- _TO DO_: Copy the records below exactly, from the line containing "สำหรับศึกแดงเดือด แมนฯ ยูไนเต็ด" through the last line, and leave out every picture.

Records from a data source
++++++++
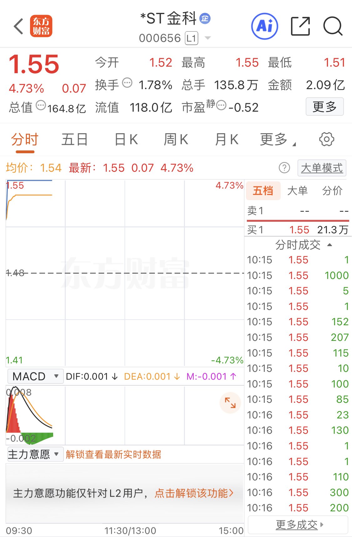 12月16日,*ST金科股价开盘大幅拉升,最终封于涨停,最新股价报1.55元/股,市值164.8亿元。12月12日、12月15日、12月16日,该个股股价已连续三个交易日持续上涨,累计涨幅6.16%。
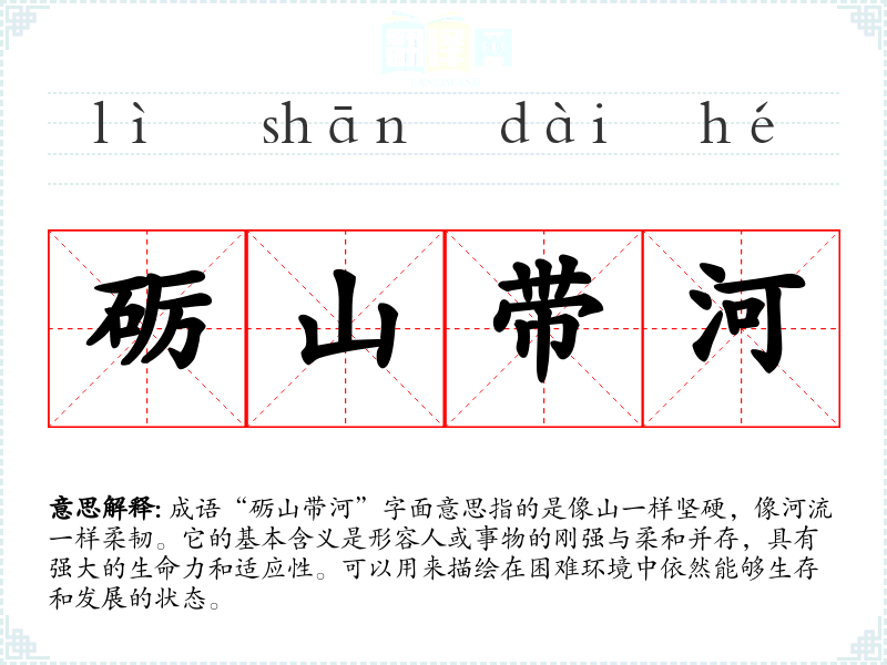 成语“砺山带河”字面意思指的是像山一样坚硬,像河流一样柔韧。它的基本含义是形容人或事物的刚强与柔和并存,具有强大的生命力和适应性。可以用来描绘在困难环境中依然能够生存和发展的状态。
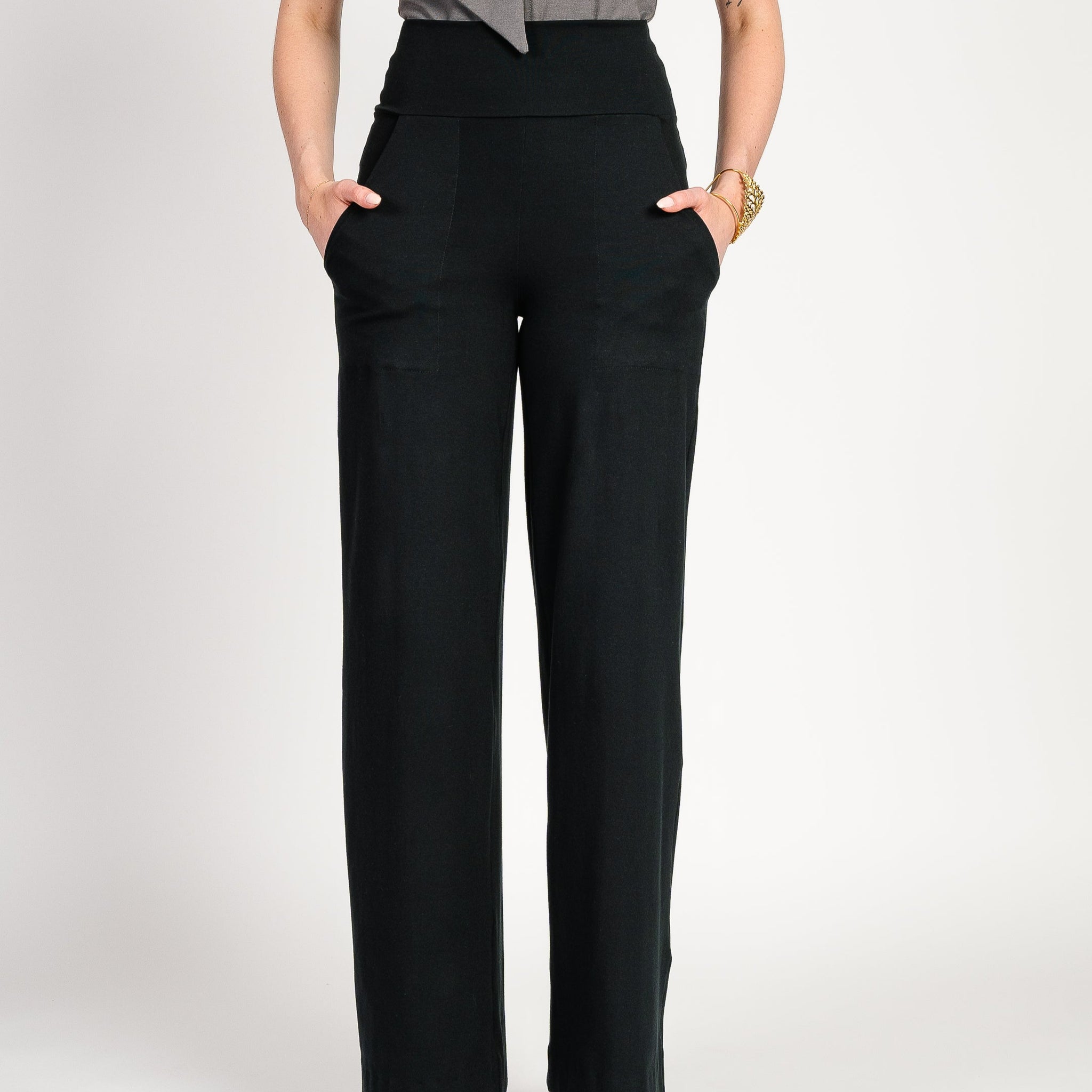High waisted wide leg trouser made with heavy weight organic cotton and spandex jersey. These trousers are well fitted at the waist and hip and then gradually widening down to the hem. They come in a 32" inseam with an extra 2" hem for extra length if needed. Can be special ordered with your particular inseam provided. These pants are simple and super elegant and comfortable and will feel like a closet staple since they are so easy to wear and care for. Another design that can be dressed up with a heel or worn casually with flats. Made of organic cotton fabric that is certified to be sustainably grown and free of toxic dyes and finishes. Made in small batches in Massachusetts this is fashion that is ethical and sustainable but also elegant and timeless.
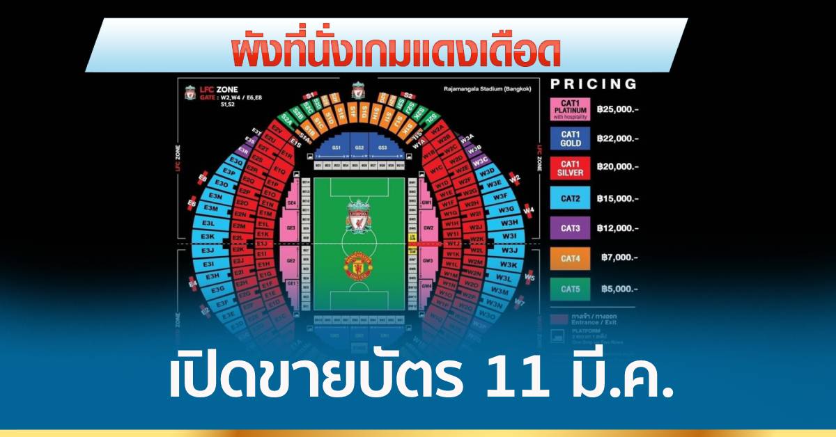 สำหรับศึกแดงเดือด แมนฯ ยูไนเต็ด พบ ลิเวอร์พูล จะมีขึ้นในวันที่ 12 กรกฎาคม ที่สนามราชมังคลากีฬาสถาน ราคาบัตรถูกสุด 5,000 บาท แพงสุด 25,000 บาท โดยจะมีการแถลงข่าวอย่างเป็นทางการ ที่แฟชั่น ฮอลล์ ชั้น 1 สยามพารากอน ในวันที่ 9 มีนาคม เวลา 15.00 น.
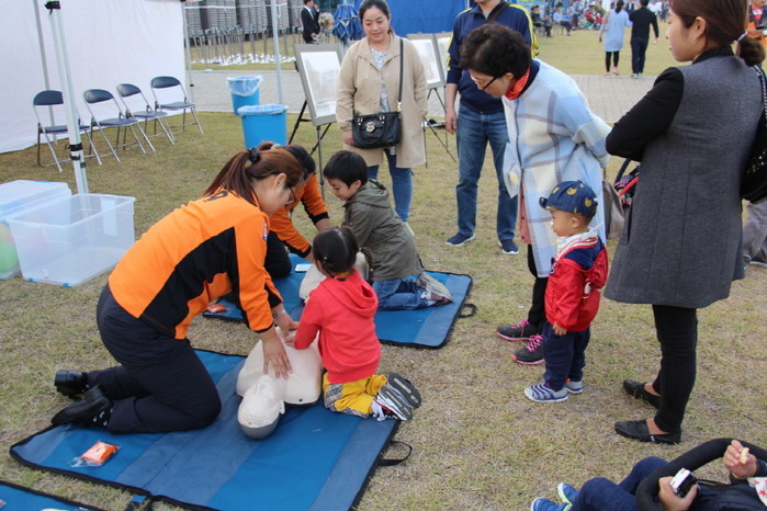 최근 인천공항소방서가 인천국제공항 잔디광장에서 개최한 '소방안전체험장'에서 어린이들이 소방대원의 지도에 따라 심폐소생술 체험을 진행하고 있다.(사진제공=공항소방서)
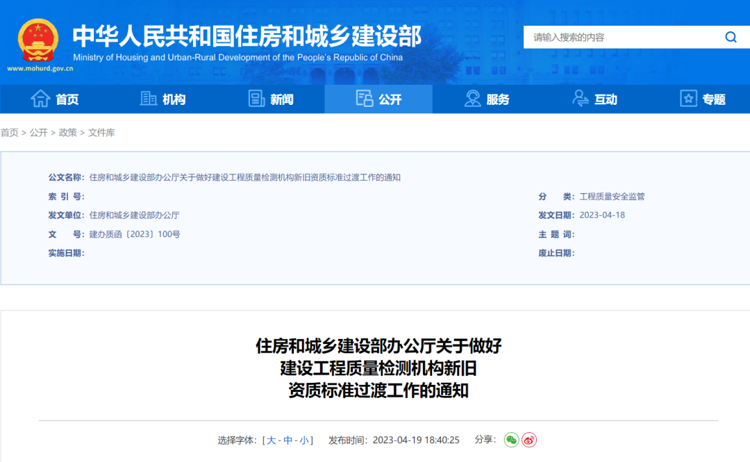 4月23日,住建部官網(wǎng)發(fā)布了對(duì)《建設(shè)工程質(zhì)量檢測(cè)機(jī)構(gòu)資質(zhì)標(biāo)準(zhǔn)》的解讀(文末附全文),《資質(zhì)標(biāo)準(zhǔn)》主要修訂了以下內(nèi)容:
++++++++
- _COMPLETED TASK_:
 สำหรับศึกแดงเดือด แมนฯ ยูไนเต็ด พบ ลิเวอร์พูล จะมีขึ้นในวันที่ 12 กรกฎาคม ที่สนามราชมังคลากีฬาสถาน ราคาบัตรถูกสุด 5,000 บาท แพงสุด 25,000 บาท โดยจะมีการแถลงข่าวอย่างเป็นทางการ ที่แฟชั่น ฮอลล์ ชั้น 1 สยามพารากอน ในวันที่ 9 มีนาคม เวลา 15.00 น.
 최근 인천공항소방서가 인천국제공항 잔디광장에서 개최한 '소방안전체험장'에서 어린이들이 소방대원의 지도에 따라 심폐소생술 체험을 진행하고 있다.(사진제공=공항소방서)
 4月23日,住建部官網(wǎng)發(fā)布了對(duì)《建設(shè)工程質(zhì)量檢測(cè)機(jī)構(gòu)資質(zhì)標(biāo)準(zhǔn)》的解讀(文末附全文),《資質(zhì)標(biāo)準(zhǔn)》主要修訂了以下內(nèi)容:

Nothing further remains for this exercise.